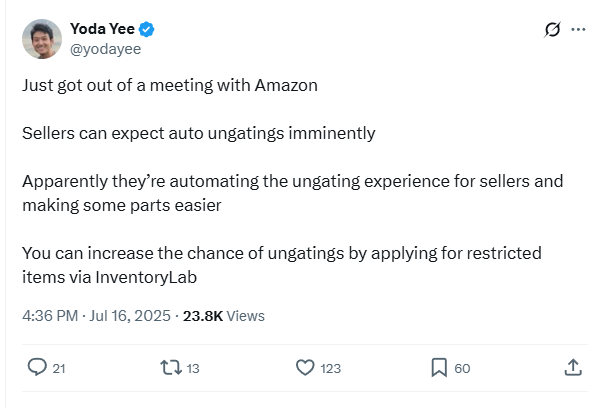 1. Many people have reported being able to sell through inventory they already had in stock after they were advised they would be gated on it (this almost never happens with traditional re-gating's).
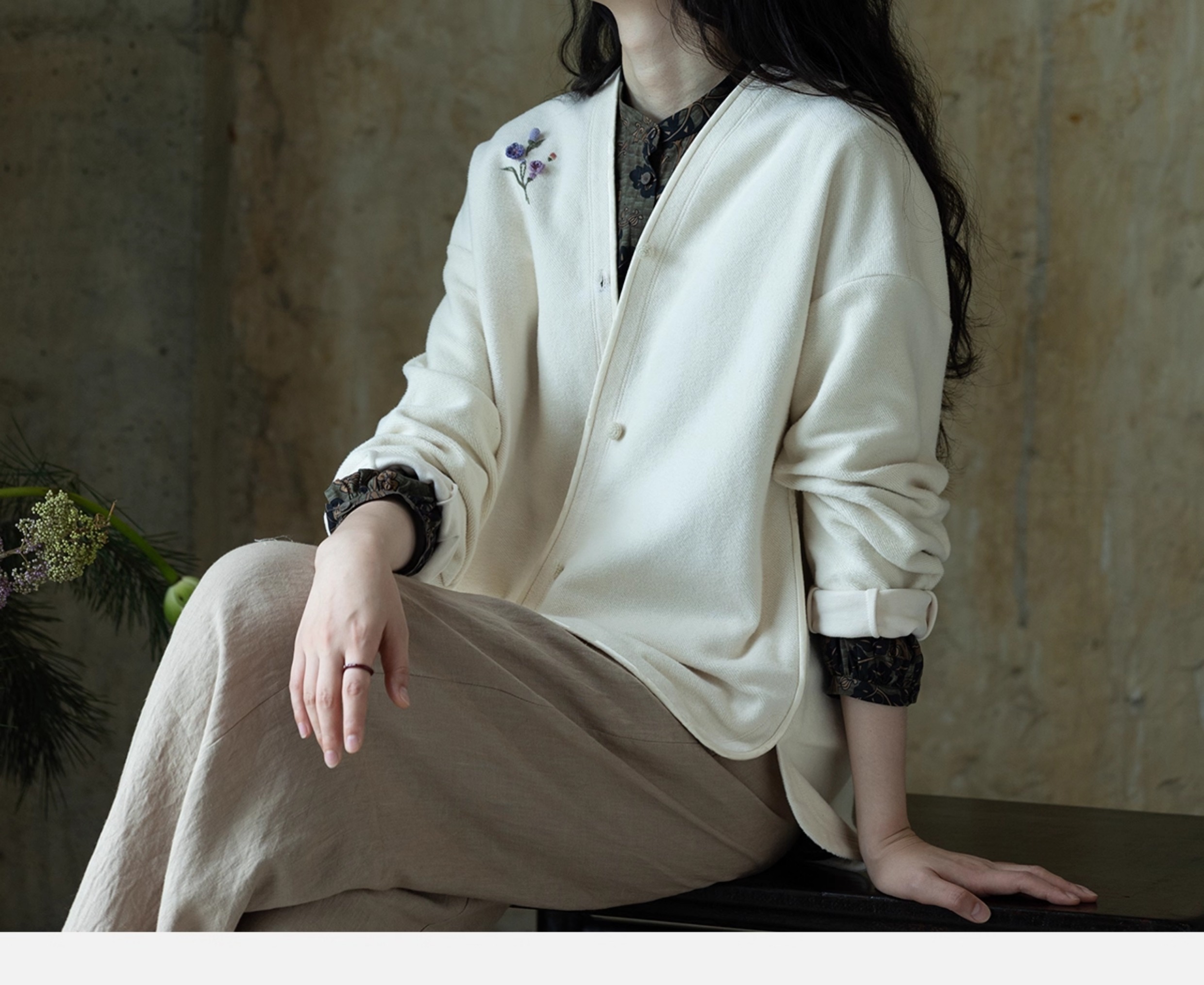 牧衣游原创 手工刺绣32支新疆棉短外套新款舒适柔软百搭开衫 知少
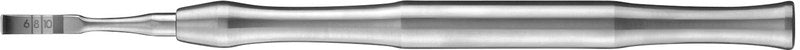 Gerade oder gebogene Ausführung (gerade = Oberkiefer, gebogen = Unterkiefer). Verschiedene Breiten von 3 bis 8 mm, Empfehlung für Einzelzahnimplantate: bis 4 mm Breite größere Kieferkammabschnitte: bis 8 mm Breite. Tiefenmarkierungen auf dem Meißel ab 6 mm bis 10 mm (schwarzer Bereich = Sicherheitsmarkierung ab 10 mm). Empfehlung für den Einsatz: mindest Kieferkammbreite von 2-3 mm, mindest Knochenhöhe von 10 mm, maximale Splittingtiefe bis 70 Prozent der Gesamtknochenhöhe.
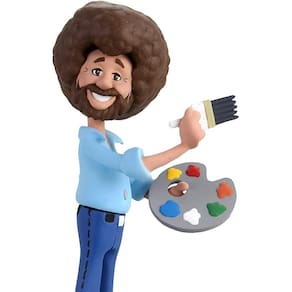 NECA Boneco clássico Bob Ross Toony de 15 cm - Uma abordagem divertida dos personagens amados do cinema e da televisão - Mede aproximadamente 15 cm de altura - Inclui palete de pintura - Embalagem com cartão blister - Recorte de fundo bônus
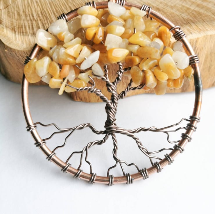 The wire sculpture holds jade crystals to represent blossom on the tree of life. It is situated on a 3 inch copper frame. I have used antique bronze copper wire to structure the Tree
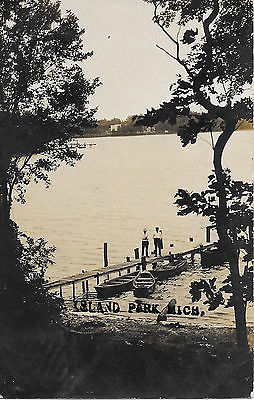 Title (ebay affiliate link): Island Park , Mi rppc pm 1908 -Boat docks and Lake - Paw Paw Lake ? Coloma
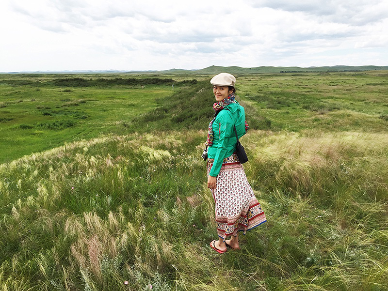 遠(yuǎn)遠(yuǎn)的,一輛嶄新的白色轎車在草原上揚起一陣塵土,然后很快停在我們眼前。一對雍容華貴、穿著蒙古袍的俊男美女從車?yán)镒叱?,在午間強(qiáng)烈的陽光下閃閃發(fā)亮,氣場之強(qiáng)大的令人過目難忘。直到他們熱情地伸出雙手,我們才如大夢初醒般上前拜見。前來的女子正是舒泥,而男子便是我們要拜訪的牧民家的男主人鋼寶勒道。
────────────────
Required action: In the material above, retype exactly the lines that run from the one containing "NECA Boneco clássico" through the last line, and keep out the pictures.

Answer to the problem:
 NECA Boneco clássico Bob Ross Toony de 15 cm - Uma abordagem divertida dos personagens amados do cinema e da televisão - Mede aproximadamente 15 cm de altura - Inclui palete de pintura - Embalagem com cartão blister - Recorte de fundo bônus
 The wire sculpture holds jade crystals to represent blossom on the tree of life. It is situated on a 3 inch copper frame. I have used antique bronze copper wire to structure the Tree
 Title (ebay affiliate link): Island Park , Mi rppc pm 1908 -Boat docks and Lake - Paw Paw Lake ? Coloma
 遠(yuǎn)遠(yuǎn)的,一輛嶄新的白色轎車在草原上揚起一陣塵土,然后很快停在我們眼前。一對雍容華貴、穿著蒙古袍的俊男美女從車?yán)镒叱?,在午間強(qiáng)烈的陽光下閃閃發(fā)亮,氣場之強(qiáng)大的令人過目難忘。直到他們熱情地伸出雙手,我們才如大夢初醒般上前拜見。前來的女子正是舒泥,而男子便是我們要拜訪的牧民家的男主人鋼寶勒道。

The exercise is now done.